Karen's Caesar Salad
Total Time: 15 mins
Preparation Time: 15 mins
Ingredients
- 1 1/2 cups extra virgin olive oil
- 1/3 cup red wine vinegar, plus
- 2 tablespoons red wine vinegar
- 1 1/2 tablespoons tarragon vinegar
- 2 tablespoons lemon juice (fresh)
- 1 1/2 teaspoons worcestershire sauce
- 1 teaspoon dry mustard
- 4 garlic cloves, minced
- 1 teaspoon garlic salt
- 1/4 teaspoon ground pepper
- 4 anchovy fillets (or to taste...i use a small can, drained)
- 2 heads romaine lettuce, washed, dried & torn into small pieces
- 1/2 cup butter (1 stick)
- 16 ounces croutons (i use brownberry caesar)
- 1 lb parmesan cheese, fresh
Recipe
- 1 for dressing: mix the first 10 ingredients together in a blender until well blended. set side.

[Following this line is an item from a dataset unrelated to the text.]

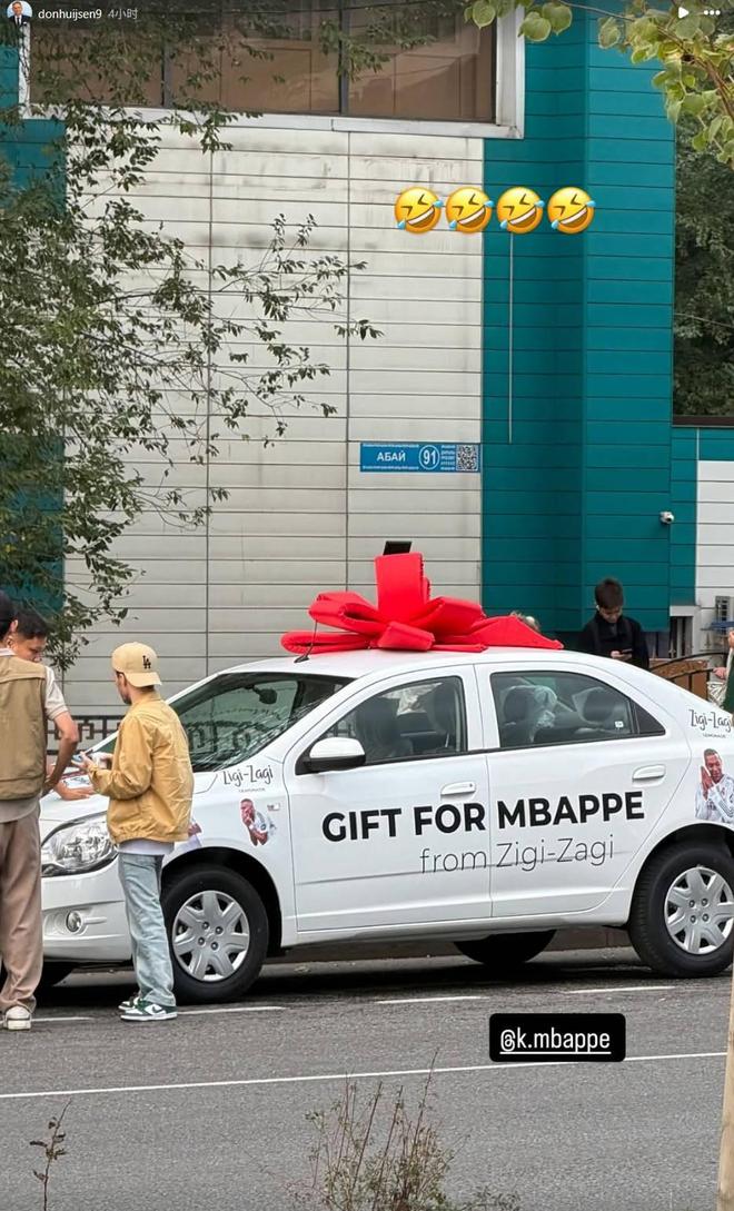 在唐尼-赫伊森曬出的照片當中可以看到,阿拉木圖當?shù)赜幸幻蛎园岩慌_汽車包裝上了禮物的包裝,上面印有一些姆巴佩的照片,并印著“送給姆巴佩的禮物,來自Zigi-Zagi”。

- 2 for croutons: melt 1 stick butter in a nonstick skillet. after butter is melted, pour in the croutons and saute until the butter is absorbed.

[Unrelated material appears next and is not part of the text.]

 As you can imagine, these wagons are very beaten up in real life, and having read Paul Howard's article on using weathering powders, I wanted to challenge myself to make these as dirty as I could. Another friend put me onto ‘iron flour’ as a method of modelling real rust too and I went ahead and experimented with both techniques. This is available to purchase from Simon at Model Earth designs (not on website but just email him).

- 3 grate the lb. of fresh parmesan cheese on rough (not fine) grate. do not use the stuff in the green can! must be freshly grated.
- 4 assembly: place lettuce on four salad plates. top each with 1/4 of the croutons and 1/4 of the cheese. generously grind fresh black pepper over each salad and top with dressing.